• ABOUT THIS EXERCISE: Copy only what lies from the line containing "ROLL OF HONOUR/" through the line containing "아치보도교[사진제공=인천경제청]송도국제도시 센트럴파크가 밤에도" in the entries below, keeping both end lines exact and dropping every picture.

• STUDY MATERIAL:
Segment Open
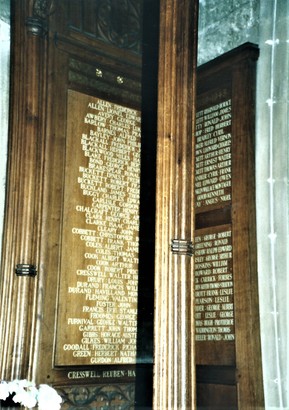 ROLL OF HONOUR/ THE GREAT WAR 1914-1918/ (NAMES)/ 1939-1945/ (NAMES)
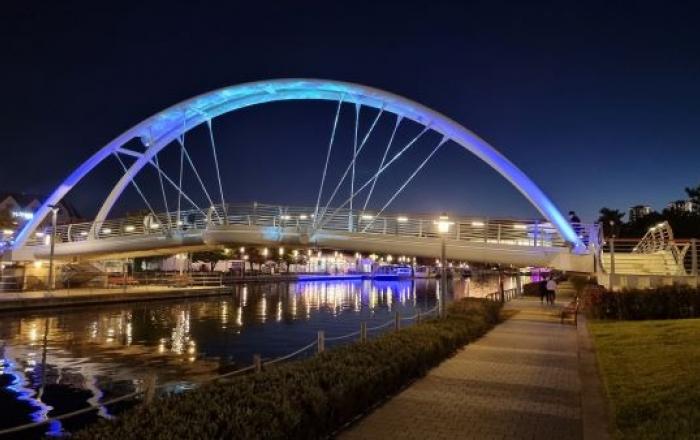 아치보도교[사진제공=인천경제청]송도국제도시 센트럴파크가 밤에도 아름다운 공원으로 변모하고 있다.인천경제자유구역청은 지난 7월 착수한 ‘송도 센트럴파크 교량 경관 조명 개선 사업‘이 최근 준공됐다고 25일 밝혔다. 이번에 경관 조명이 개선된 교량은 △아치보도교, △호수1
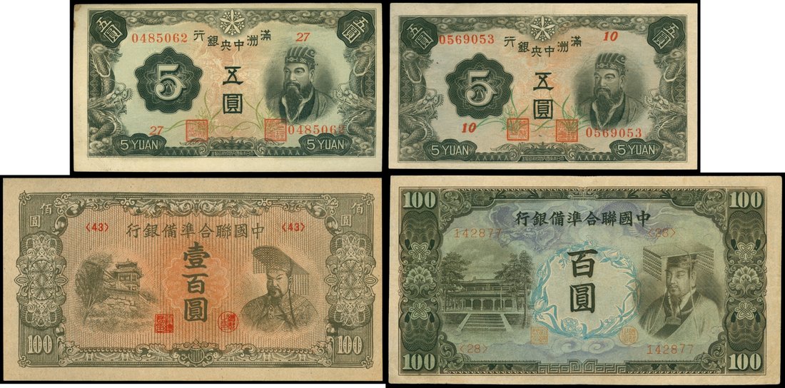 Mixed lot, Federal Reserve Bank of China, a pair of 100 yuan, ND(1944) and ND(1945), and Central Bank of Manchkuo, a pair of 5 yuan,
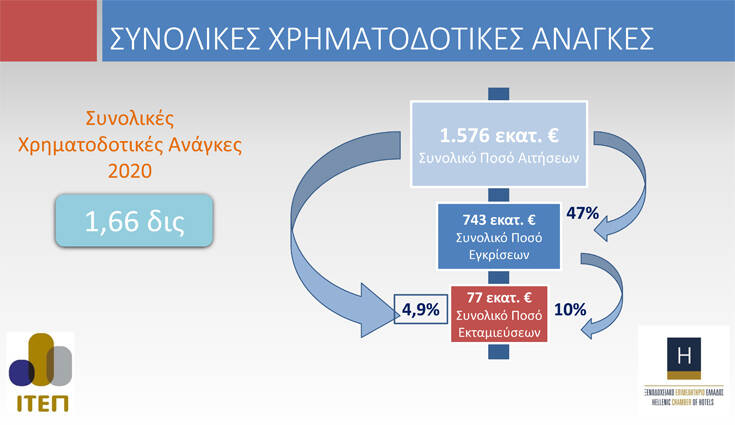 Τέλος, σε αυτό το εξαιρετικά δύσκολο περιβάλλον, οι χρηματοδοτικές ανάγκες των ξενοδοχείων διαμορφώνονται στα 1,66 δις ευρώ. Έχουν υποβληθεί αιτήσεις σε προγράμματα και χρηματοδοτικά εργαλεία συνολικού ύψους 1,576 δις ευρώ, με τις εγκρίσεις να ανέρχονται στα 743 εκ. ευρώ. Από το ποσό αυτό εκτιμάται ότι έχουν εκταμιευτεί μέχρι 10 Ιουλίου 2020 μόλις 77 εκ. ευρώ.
Segment Closed
Segment Open
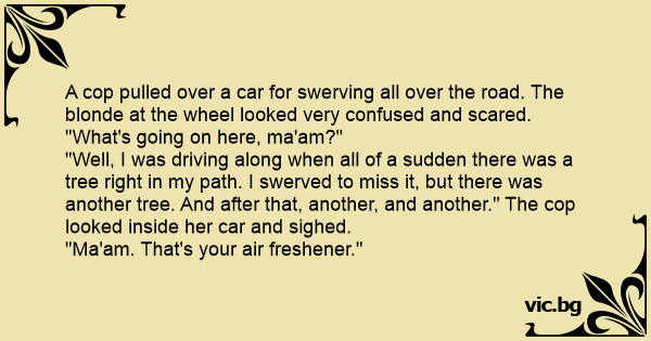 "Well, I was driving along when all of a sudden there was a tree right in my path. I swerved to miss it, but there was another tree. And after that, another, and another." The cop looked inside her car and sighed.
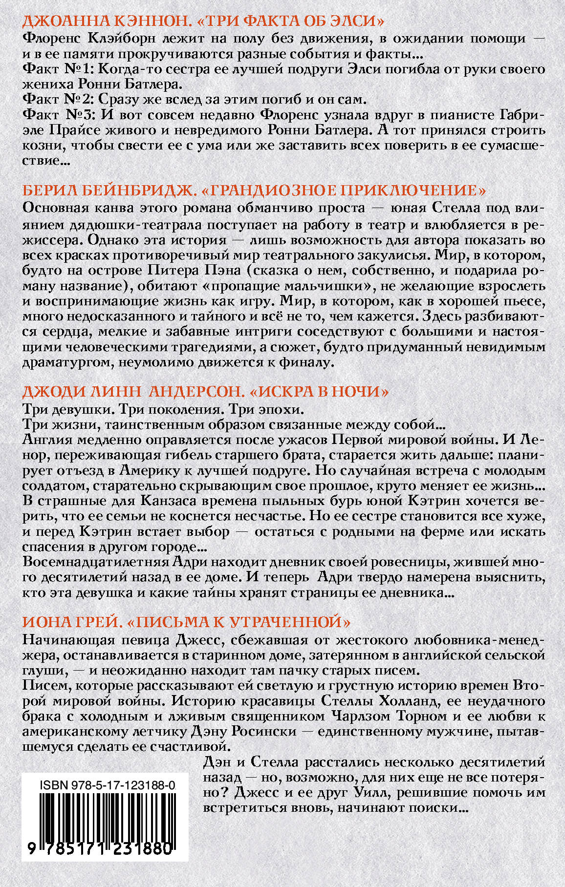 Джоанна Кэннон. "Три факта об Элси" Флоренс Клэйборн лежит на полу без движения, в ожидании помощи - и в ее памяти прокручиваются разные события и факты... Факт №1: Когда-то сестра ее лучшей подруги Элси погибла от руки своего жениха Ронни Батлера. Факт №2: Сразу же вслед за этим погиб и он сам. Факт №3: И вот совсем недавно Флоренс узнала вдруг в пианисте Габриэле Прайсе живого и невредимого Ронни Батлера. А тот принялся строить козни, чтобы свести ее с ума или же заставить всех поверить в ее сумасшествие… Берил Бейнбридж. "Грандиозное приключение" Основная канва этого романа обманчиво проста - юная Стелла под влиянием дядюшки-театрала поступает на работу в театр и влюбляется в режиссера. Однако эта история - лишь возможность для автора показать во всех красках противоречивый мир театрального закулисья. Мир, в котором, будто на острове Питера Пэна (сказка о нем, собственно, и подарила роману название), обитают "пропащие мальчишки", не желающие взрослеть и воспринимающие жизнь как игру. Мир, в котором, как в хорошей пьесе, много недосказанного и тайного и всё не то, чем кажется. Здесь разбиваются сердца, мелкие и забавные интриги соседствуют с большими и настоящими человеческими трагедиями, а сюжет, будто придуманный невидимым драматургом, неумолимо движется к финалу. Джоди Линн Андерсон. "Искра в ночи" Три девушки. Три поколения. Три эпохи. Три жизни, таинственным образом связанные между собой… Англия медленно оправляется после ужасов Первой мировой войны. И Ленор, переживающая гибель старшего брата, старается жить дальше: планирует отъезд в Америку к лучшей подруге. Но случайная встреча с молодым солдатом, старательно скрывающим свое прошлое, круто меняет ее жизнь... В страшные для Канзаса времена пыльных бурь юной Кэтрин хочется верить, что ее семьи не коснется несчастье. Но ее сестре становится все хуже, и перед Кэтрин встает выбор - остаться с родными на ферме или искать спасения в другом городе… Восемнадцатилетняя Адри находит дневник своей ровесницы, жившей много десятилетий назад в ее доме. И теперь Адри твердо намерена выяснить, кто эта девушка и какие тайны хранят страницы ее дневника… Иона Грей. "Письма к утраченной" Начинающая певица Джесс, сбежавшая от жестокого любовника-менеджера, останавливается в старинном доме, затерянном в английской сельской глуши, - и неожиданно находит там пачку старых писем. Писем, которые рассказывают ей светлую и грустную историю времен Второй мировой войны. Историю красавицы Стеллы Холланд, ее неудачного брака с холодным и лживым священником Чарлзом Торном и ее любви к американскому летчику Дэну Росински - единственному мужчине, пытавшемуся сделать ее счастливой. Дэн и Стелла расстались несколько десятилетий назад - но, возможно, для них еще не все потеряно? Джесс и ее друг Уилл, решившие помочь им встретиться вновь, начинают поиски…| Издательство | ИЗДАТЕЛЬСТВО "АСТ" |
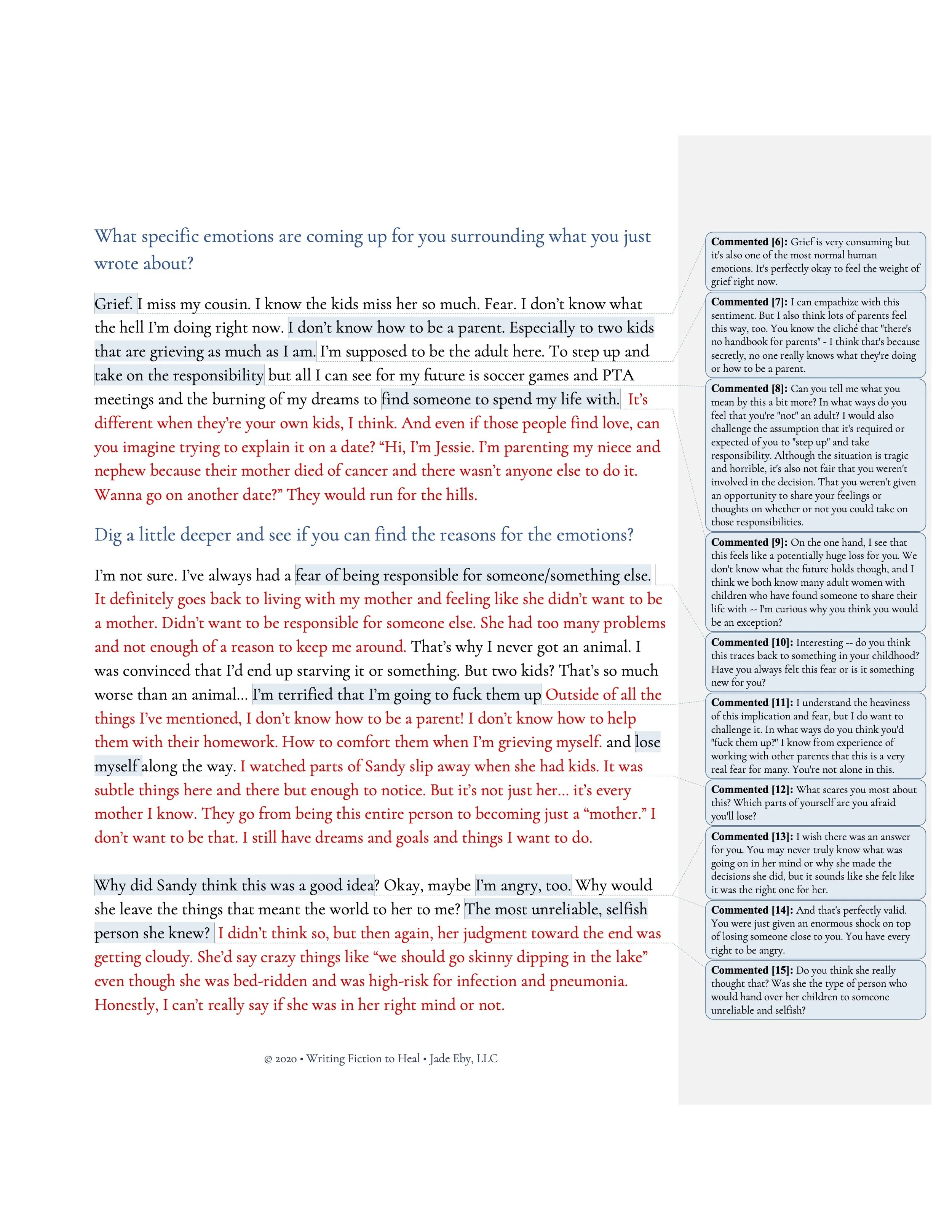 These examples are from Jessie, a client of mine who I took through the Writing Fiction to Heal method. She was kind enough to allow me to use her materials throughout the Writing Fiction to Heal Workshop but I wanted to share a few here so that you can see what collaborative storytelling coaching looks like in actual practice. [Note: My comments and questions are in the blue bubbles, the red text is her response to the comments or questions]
Segment Closed
Segment Open
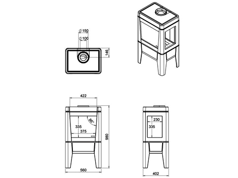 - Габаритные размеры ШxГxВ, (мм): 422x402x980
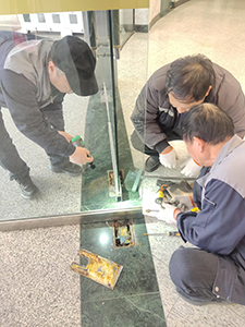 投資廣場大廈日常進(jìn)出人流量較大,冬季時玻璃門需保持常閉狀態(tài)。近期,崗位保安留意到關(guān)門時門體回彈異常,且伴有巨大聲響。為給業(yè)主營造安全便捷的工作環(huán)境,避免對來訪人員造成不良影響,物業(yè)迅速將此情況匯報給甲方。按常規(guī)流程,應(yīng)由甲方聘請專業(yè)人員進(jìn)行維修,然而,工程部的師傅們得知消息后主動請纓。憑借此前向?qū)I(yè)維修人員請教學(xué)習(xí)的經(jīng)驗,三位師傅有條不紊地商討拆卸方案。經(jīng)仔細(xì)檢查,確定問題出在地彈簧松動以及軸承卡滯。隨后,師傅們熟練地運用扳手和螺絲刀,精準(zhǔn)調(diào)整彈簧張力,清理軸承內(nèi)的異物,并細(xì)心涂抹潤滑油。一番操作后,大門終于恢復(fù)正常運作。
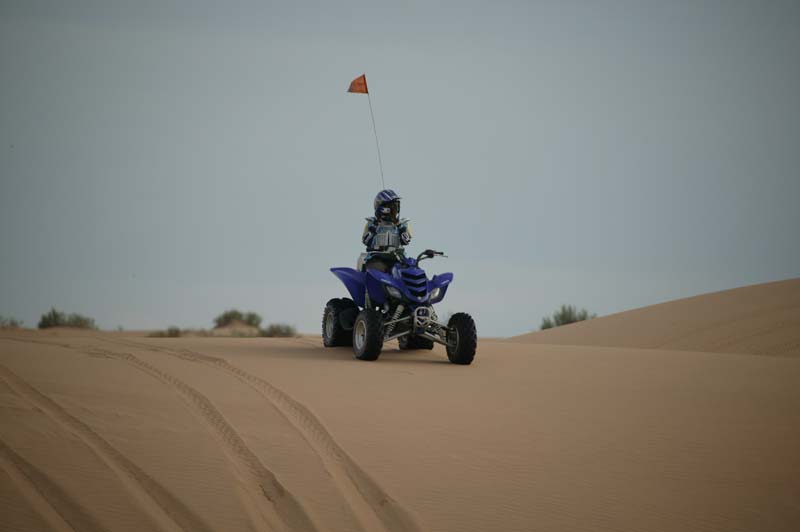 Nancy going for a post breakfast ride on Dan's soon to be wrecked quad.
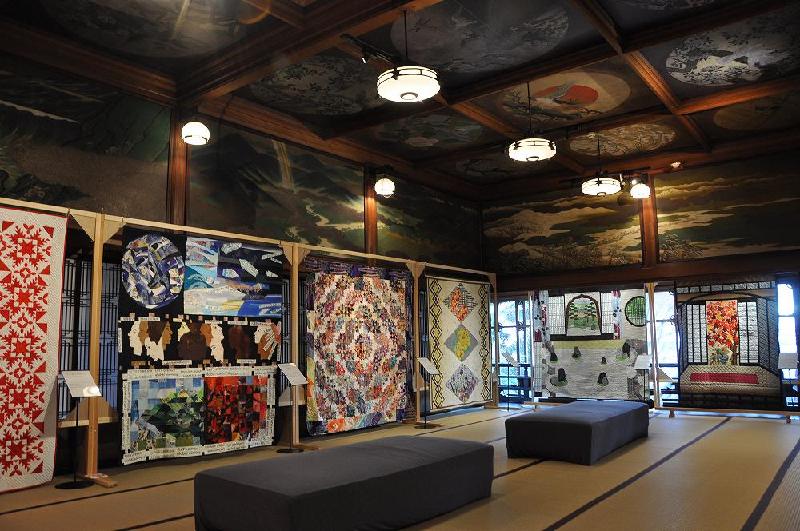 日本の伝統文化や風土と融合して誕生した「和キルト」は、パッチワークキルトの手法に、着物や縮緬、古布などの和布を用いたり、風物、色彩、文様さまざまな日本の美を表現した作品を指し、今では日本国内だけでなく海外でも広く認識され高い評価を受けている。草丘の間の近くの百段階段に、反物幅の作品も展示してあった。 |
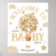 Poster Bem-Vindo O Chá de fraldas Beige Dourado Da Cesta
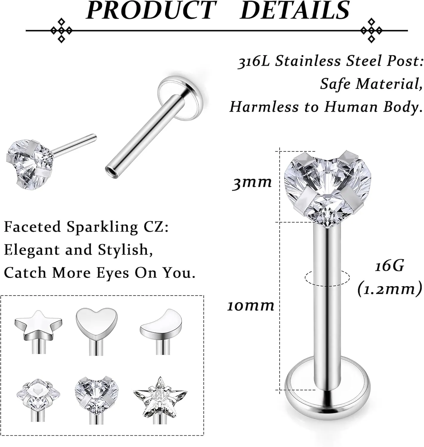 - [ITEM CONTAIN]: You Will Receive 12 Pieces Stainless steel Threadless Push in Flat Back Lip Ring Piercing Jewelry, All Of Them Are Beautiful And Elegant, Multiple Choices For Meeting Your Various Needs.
Segment Closed
• RESULT:
 ROLL OF HONOUR/ THE GREAT WAR 1914-1918/ (NAMES)/ 1939-1945/ (NAMES)
 아치보도교[사진제공=인천경제청]송도국제도시 센트럴파크가 밤에도 아름다운 공원으로 변모하고 있다.인천경제자유구역청은 지난 7월 착수한 ‘송도 센트럴파크 교량 경관 조명 개선 사업‘이 최근 준공됐다고 25일 밝혔다. 이번에 경관 조명이 개선된 교량은 △아치보도교, △호수1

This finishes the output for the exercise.